Since we estimated a logit model without bias-correction, apeff() delivers only one column with uncorrected average partial effects.

## Notes

For further details on when to use the bias-corrections for structural parameters and average partial effects please consult Stammann, Heiss, and McFadden (2016) and Hahn and Newey (2004).

## References

Chamberlain, Gary. 1980. “Analysis of Covariance with Qualitative Data.” The Review of Economic Studies 47 (1): 225–38.

Eddelbuettel, Dirk, and Conrad Sanderson. 2014. “RcppArmadillo: Accelerating R with High-Performance C++ Linear Algebra.” Computational Statistics and Data Analysis 71: 1054–63.

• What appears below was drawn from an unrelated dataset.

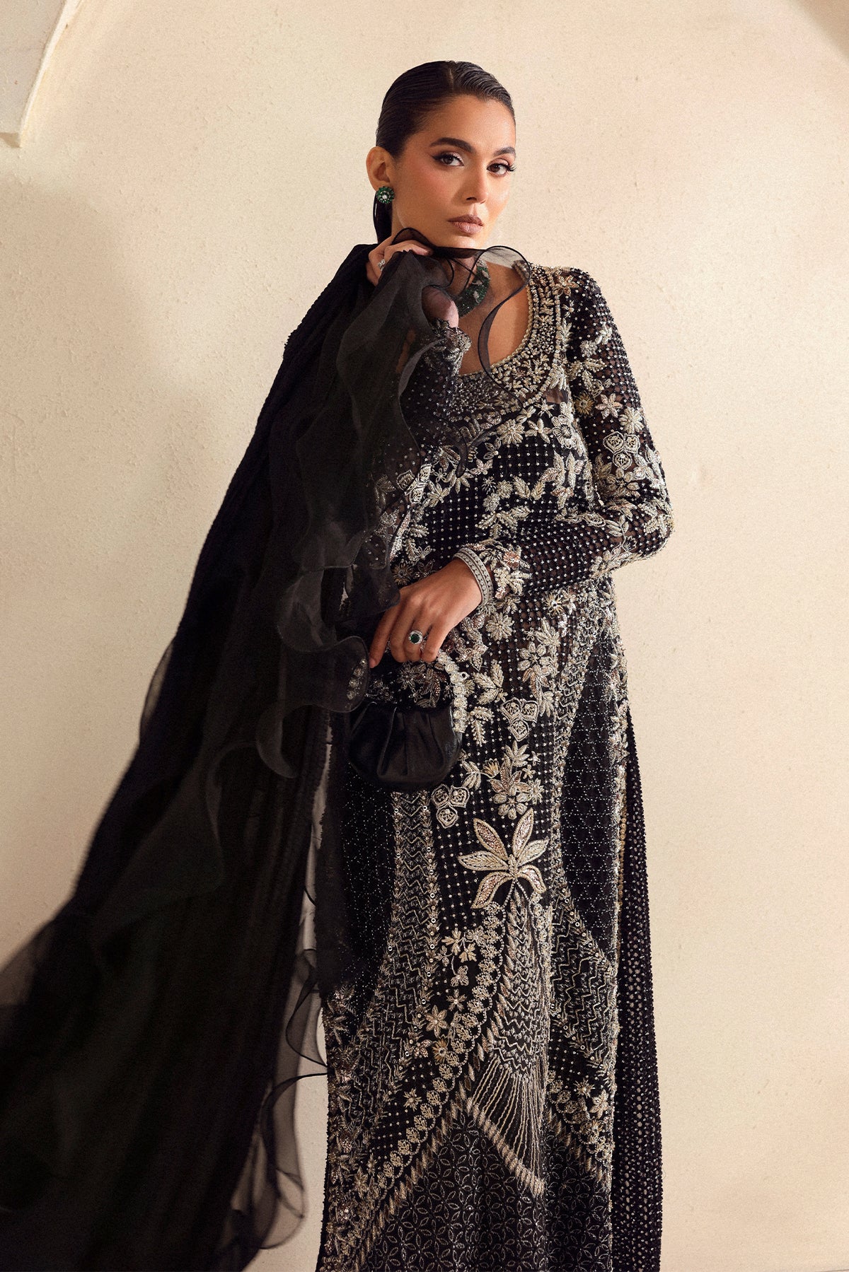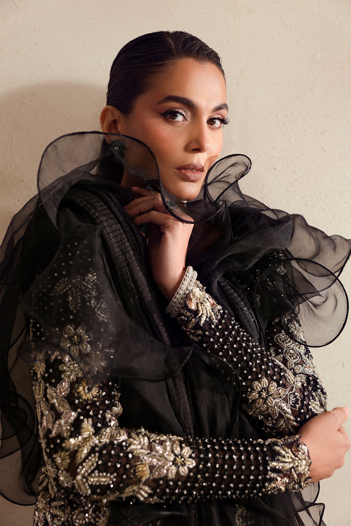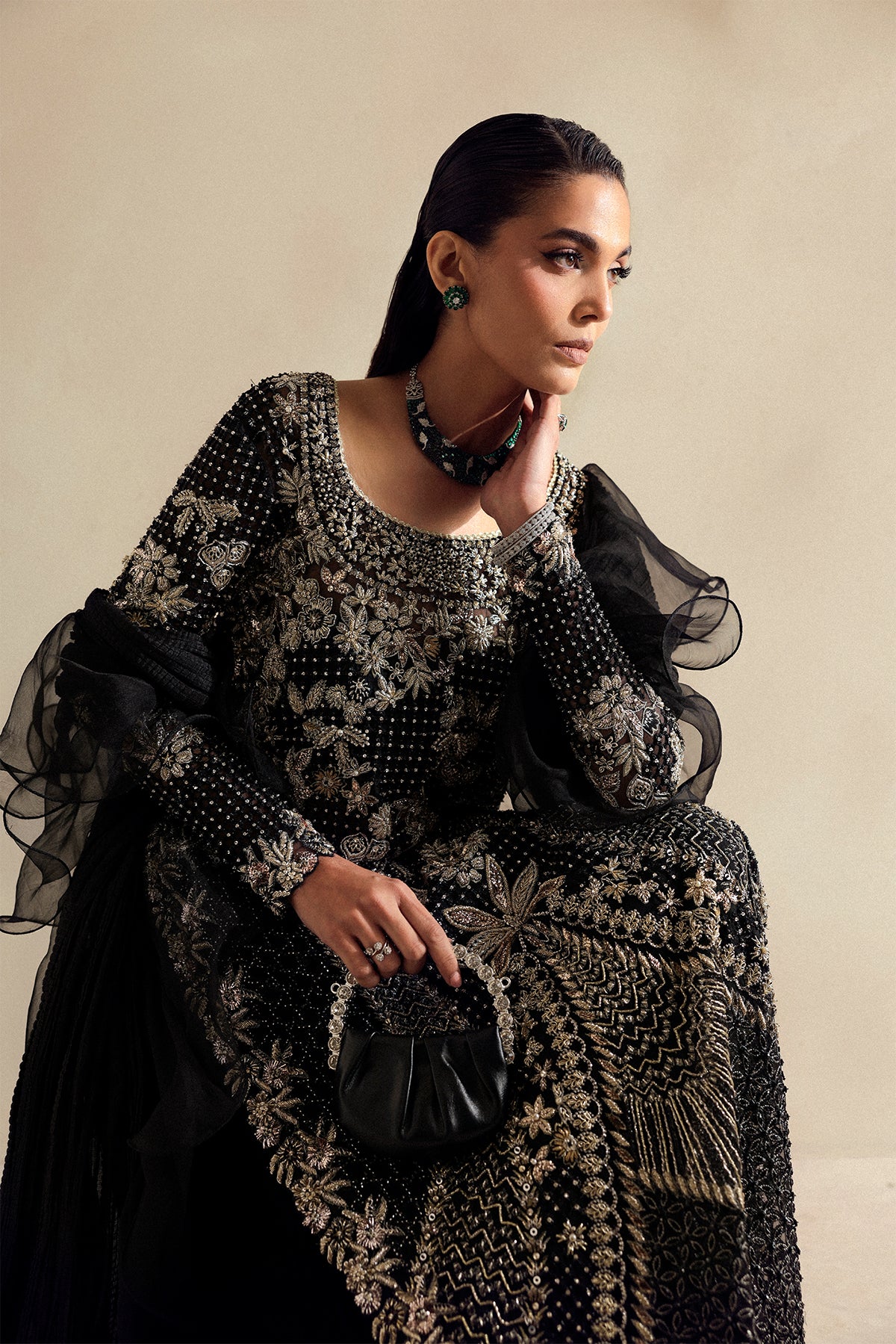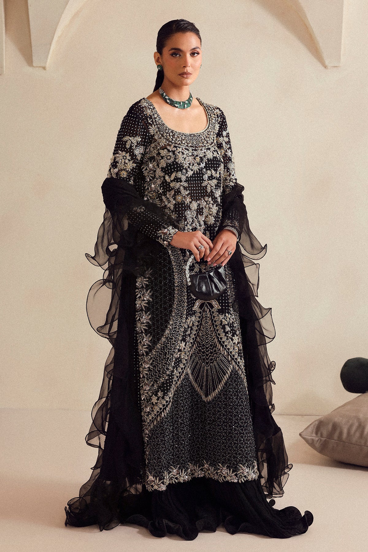 A classic black straight-cut shirt crafted for a clean and structured silhouette, paired with crushed raw silk trousers that add texture and understated depth. The contrast between the sharp tailoring and the rich fabric creates a powerful yet elegant look, perfect for formal evenings and statement festive wear with a modern edge.
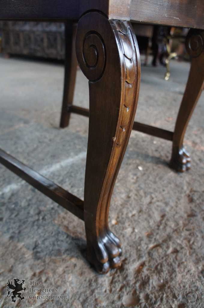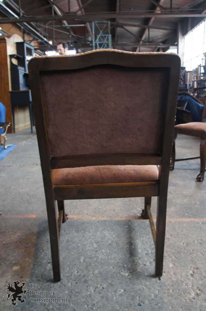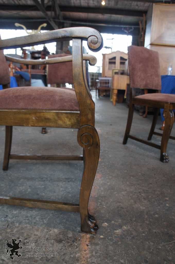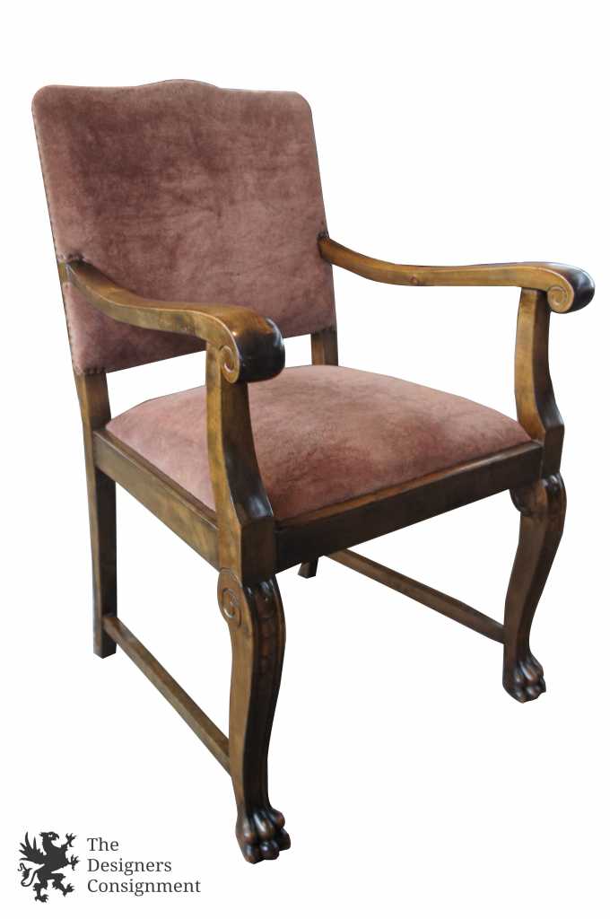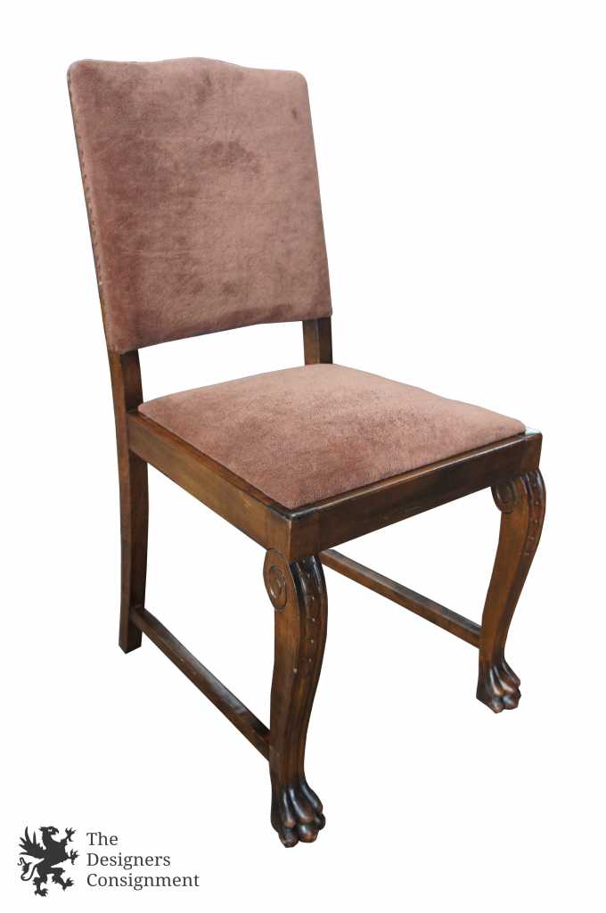 A gorgeous set of 3 early 20th century chairs. Made from walnut with scrolled accents and lion carved paw feet. Upholstered in a light maroon/burgundy with nail head trim along the seat back. A perfect set of chairs to accommodate a desk or library setting. Along the top of the back of each chair there is a finger groove for when you need to pull them out.

Greene, William. 2004. “The Behaviour of the Maximum Likelihood Estimator of Limited Dependent Variable Models in the Presence of Fixed Effects.” Econometrics Journal 7 (1): 98–119.

Hahn, Jinyong, and Whitney Newey. 2004. “Jackknife and Analytical Bias Reduction for Nonlinear Panel Models.” Econometrica 72 (4): 1295–1319.

Hyslop, Dean R. 1999. “State Dependence, Serial Correlation and Heterogeneity in Intertemporal Labor Force Participation of Married Women.” Econometrica 67 (6): 1255–94.

Stammann, Amrei, Florian Heiss, and Daniel McFadden. 2016. “Estimating Fixed Effects Logit Models with Large Panel Data.”

1. The proposed pseudo-demeaning algorithm is in spirit of Greene (2004) and Chamberlain (1980).

2. Partial effects are also called marginal effects.

3. A more detailed analyses can be found in Stammann, Heiss, and McFadden (2016)

4. We use the base-package version 3.3.1 for all analyses with glm() and the survival-package version 2.39-5 for all analyses with survival::clogit().